But even Buffett has since dipped his toe back into airline stocks, once again taking a chance on the volatile airline industry. With his holding company Berkshire Hathaway purchasing shares of several airline companies including American Airlines Group and several others. His company’s foray back into the airline industry makes investors question their decision of avoiding airlines altogether.

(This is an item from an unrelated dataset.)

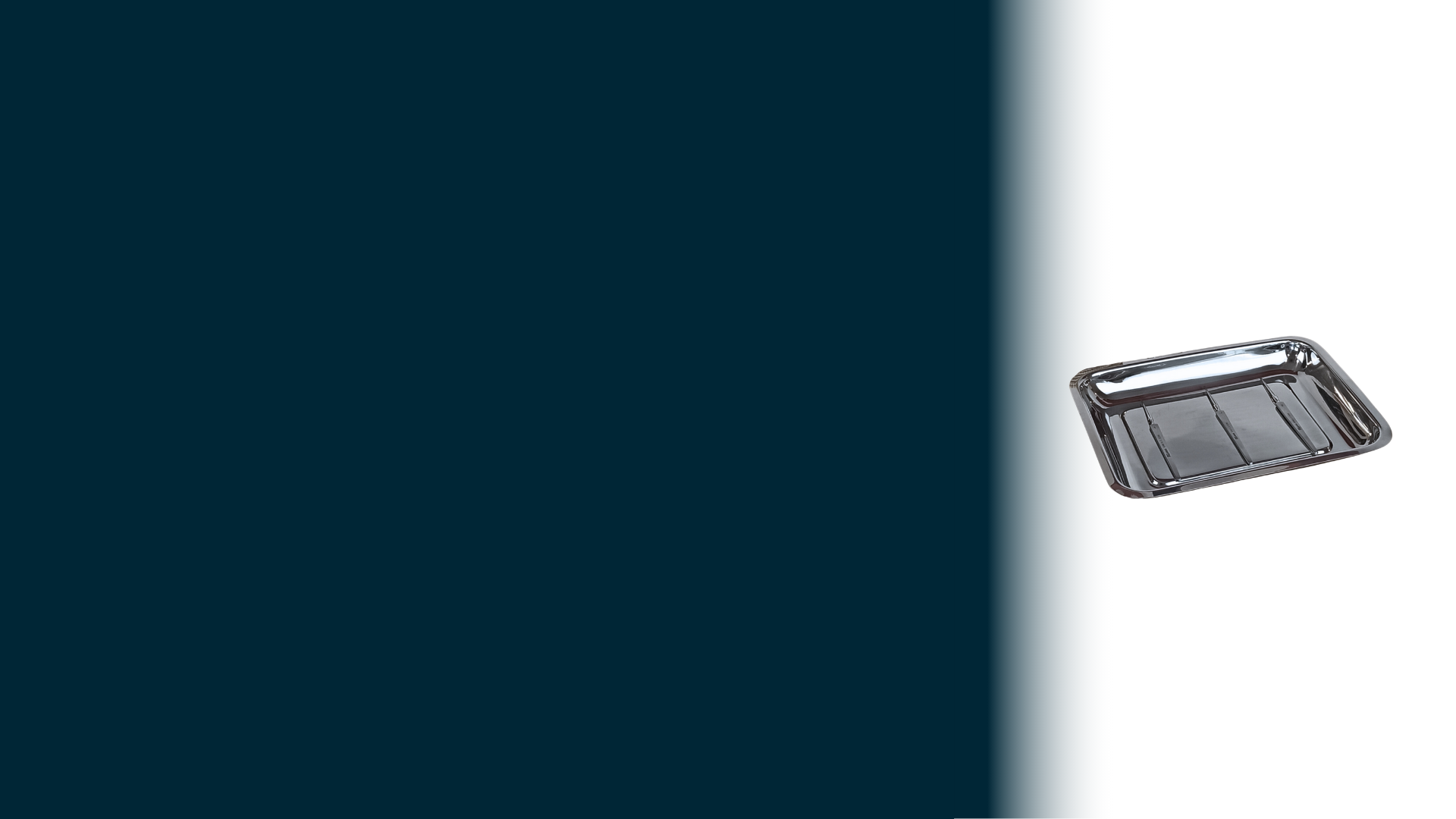 Bandeja rectangular de acero inoxidable.

Two of Canada’s major airlines, WestJet Airlines (TSX:WJA) and Air Canada (TSX:AC)(TSX:AC.B) are both investment choices that Canadians can look into if they want to get into the airline industry.
Since it was first established as a regional airline, WestJet has grown to become a competitive airline both in Canada and abroad. From its roots of only conducting low-cost western Canadian flights to its contemporary flights that reach South America, Australia, and Europe, WestJet has grown its business considerably over the years.
In the fourth-quarter results published recently, WestJet affirmed its mission to grow globally. This put some pressure on its reported earnings, as did rising fuel costs associated with the rebound in oil prices. The airline reported a 67.2% reduction in earnings as compared to the fourth quarter of 2017. Revenue was positive, however, growing by 5% over the previous year’s results.
After being crushed by the recession following the financial crisis, Air Canada has experienced a stunning rebound in its share price. The shares, which traded below $1 in 2009, have roared back to over $30 a share at present.
With its results for full year 2018 coming up on Feb. 15, investors may want to wait to see how the airline is performing. But according to its Q3 2018 results, the airline has been making positive headway. Revenues in Q3 increased 11.7% year over year and free cash flow increased by 45%. Basic earnings per share were down by 62% year over year in part due to similar costs experienced by WestJet.
Which is the best buy?
If you want to buy one of the two airlines, it really depends on what you are looking for. Air Canada has the advantage of being the better known of the two internationally. It also already has a large, established network of flights. The fact that it has the word “Canada” in its name doesn’t hurt either, since the government would be more likely to backstop this flagship airline if it happened to get under pressure.
If you want a dividend, then WestJet is the clear choice of the two since Air Canada does not have one. WestJet’s yield of 2.77% is enough to draw income investors. While it has not dropped its dividend, it has not raised it in some time either, so growth investors may not be intrigued. The dividend should be safe with WestJet’s payout ratio of around 50% supporting it.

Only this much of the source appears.